AMD 2nd Gen Ryzen Review: 2700X And 2600X Deliver More Performance Per Dollar

AMD Second Generation Ryzen Processor Features

The primary characteristics that differentiate AMD’s 2nd Generation Ryzen processors from the originals are its new Zen+ architecture, the new 12nm manufacturing process, tweaks to the feature set like Precision Boost 2, and some underlying changes that reduce cache and memory latency.

Though details of how AMD achieved it are scarce, the company claims 2nd Gen Ryzen processors based on Zen+ offer reductions in L1, L2, and L3 cache latencies of approximately 13%, 34%, and 16%, respectively. Memory latency is reportedly reduced by about 11% and all of those improvements result in an approximate 3% increase in IPC (instructions per clock). On top of this, the processors now have official support for faster JEDEC DDR4-2933 memory.
2ng gen ryzen angle 3
The move to a new stepping in these processors, which incorporates optimizations AMD identified when analyzing cache and memory performance on the originals, along with updated firmware, is where the latency improvements and support for faster memory come from, but we’re not clear on exactly what’s been changed in Zen+ versus Zen in this regard. We’ve sent some questions in to AMD, but as of this article’s publication we haven’t gotten any firm answers.

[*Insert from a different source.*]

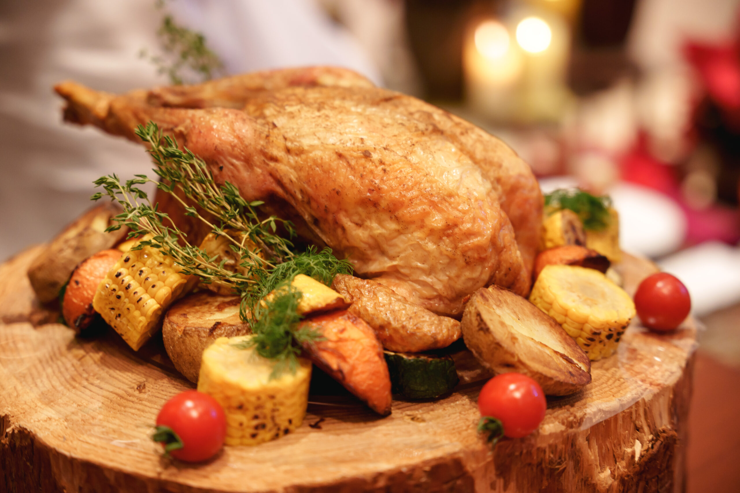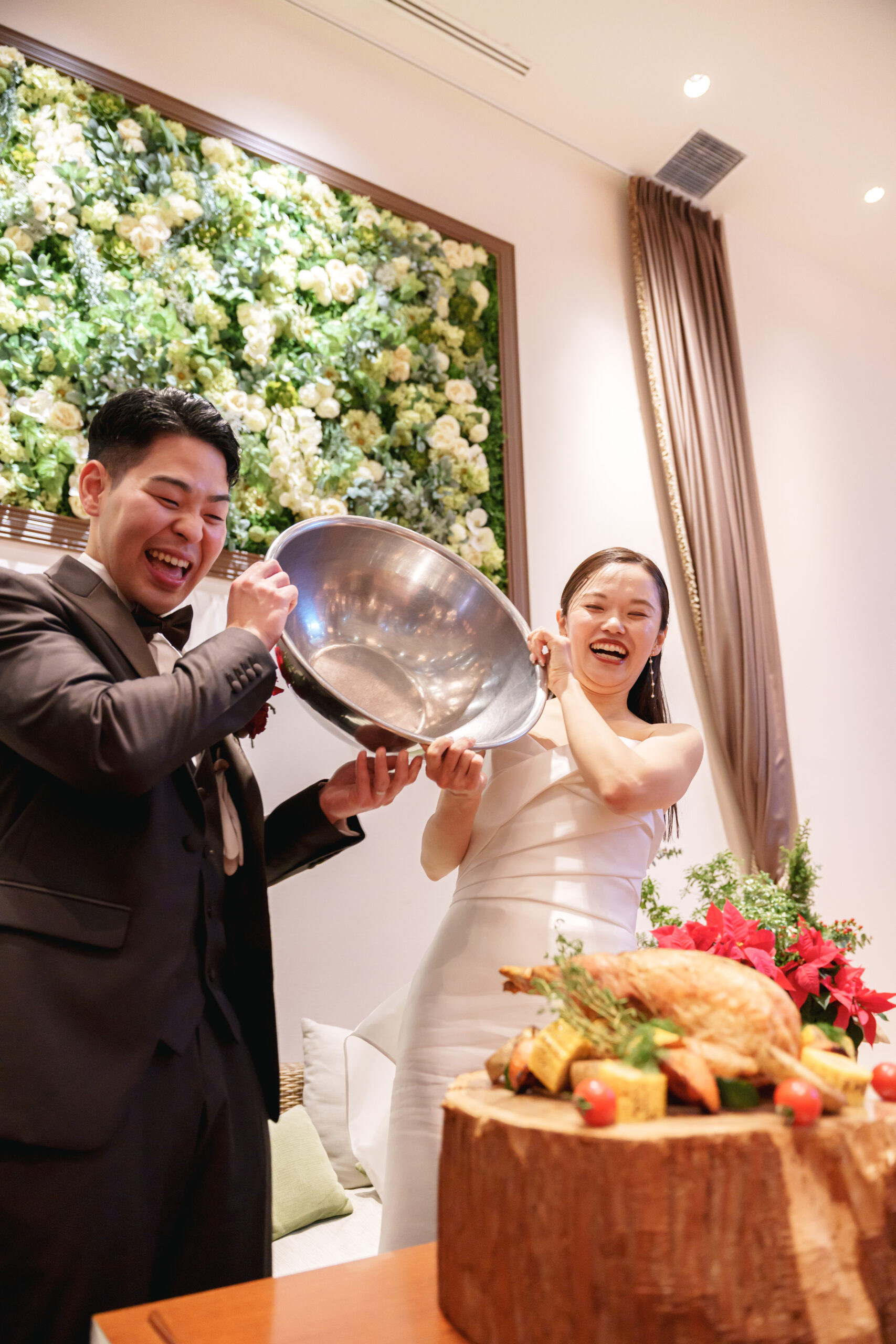そんな中登場したのは、通常のウェディングケーキ…ではなく、特大サイズのローストチキン!

AMD’s 2nd Generation Ryzen processors are also manufactured using Global Foundaries’ 12nm LP “leading performance” process. The new 12nm LP process improves transistor performance and switching rate, and also allows AMD to boost frequencies and reduce voltages at a given frequency step by about .5mW, but it does so without affecting density or area. GloFlo’s 12nm LP process doesn’t actually use smaller lithography, hence the die size for 2nd Generation Ryzen processors is the same as the originals.
precision boost 2
Architectural and process improvements allow AMD to run 2nd Generation Ryzen processors at higher clocks than the originals, but there is also additional performance to be gained by the new Precision Boost 2 algorithm. First-generation Ryzen 1000 series processors with Precision Boost essentially offered two discrete states – All-Core Boost and Precision Boost. All-Core boost kicked in when three or more cores were being utilized, while Precision Boost, which offered higher clocks, kicked in when one or two cores were taxed.

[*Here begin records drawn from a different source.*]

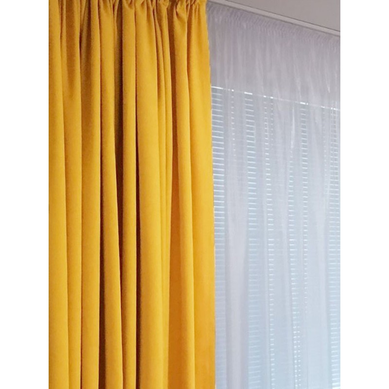 Плат за плътна завеса в модерен цвят горчица с галещо кадифено усещане.
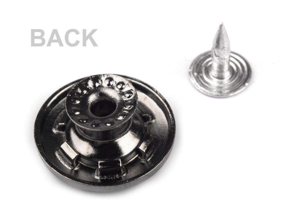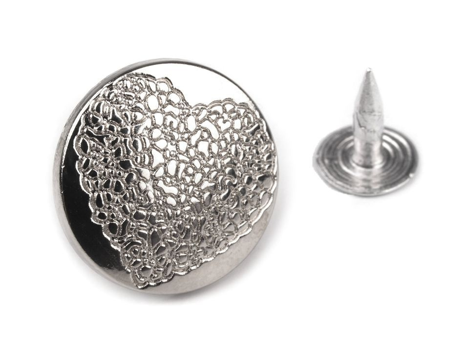 Kovový narážecí knoflík se skládá ze dvou částí, které se do sebe musí narazit (například kladivem). Má zajímavý design se srdíčkem. Knoflík využijete na džíny, džínové bundy nebo vesty.
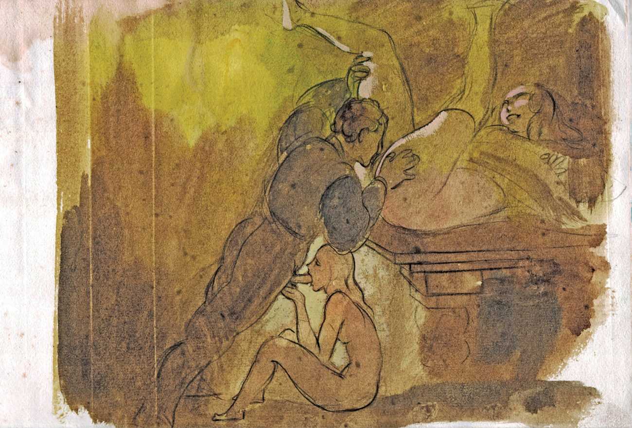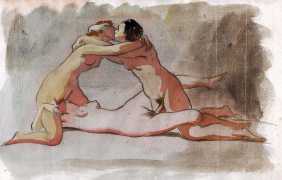 This collection of 26 pastels and watercolours, which we have called The Secret Album, was found after Bonzagni’s too-early death, and shows clearly that his interest in the foibles of human interaction extended beyond studies of high society fashion and dancers into the realm of the erotic.

Precision Boost 2 is somewhat similar in that it boosts frequencies in 25MHz increments like the original, but PB2’s more intelligent algorithm will shoot for the highest possible frequency until a thermal or electrical limit is reached or the rated frequency of the particular processor is met (whichever comes first), regardless of the number of threads in flight. Instead of a sharp drop-off in frequency past two cores like the original Precision Boost, PB2 will gradually alter clocks using a more linear model. The end result is that more cores on 2nd Generation Ryzen processors will remain at higher clocks, for longer periods of time, which improves overall performance.

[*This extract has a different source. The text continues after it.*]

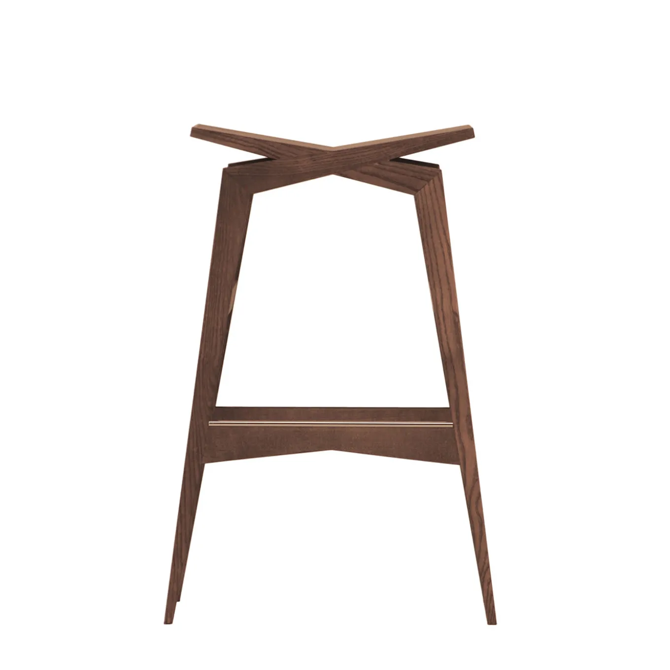 A celebration of pure geometric lines shaped out of top-quality ash marks the exclusive design of this stool. The tapered legs are joined to the base by is covered in metal footrests. Maximum comfort is ensured by the concave seat that counterbalances the straight and sharp elements composing this sophisticated item. The total weight is 10 kg. Designed by Itamar Harari.

XFR (Extended Frequency Range) also gets an update to XFR2, but its behavior is somewhat different now. Whereas XFR was restricted to a small number of cores with the original Ryzen processors, XFR2 now operates across any number of cores and threads, like Precision Boost 2. As a result, there isn’t a higher clock ceiling for lightly threaded workloads with XFR2 – the max clock is the max clock. However, because Precision Boost 2 is opportunistic now, additional cooling can theoretically result in better performance. AMD is claiming XFR2 can enable up to a 7% performance uplift even when every core and thread is loaded, if the processor is adequately cooled.

wrait cooler lit

Speaking cooling, all of AMD’s 2nd Gen Ryzen 2000 series processors will include a cooler moving forward and they all feature soldered integrated heat spreaders, utilizing Indium Alloy Solder, to further reduce temperatures. AMD's Ryzen 7 2700X, however, gets special treatment and includes the new Wraith Prism.
amd wraith prism
The Wraith Prism features direct-contact copper heat-pipes, a dense array of aluminum heatsink fins, switchable “high / low” fan profiles, and independent RGB ring, fan blade, and AMD logo lighting. The lighting can also be switched off if you so choose. We used the Wraith Prism for all of our testing, and while we think it’s a great additional to the line-up and an absolutely awesome solution to be included with a processor in the box, it can get somewhat loud under load.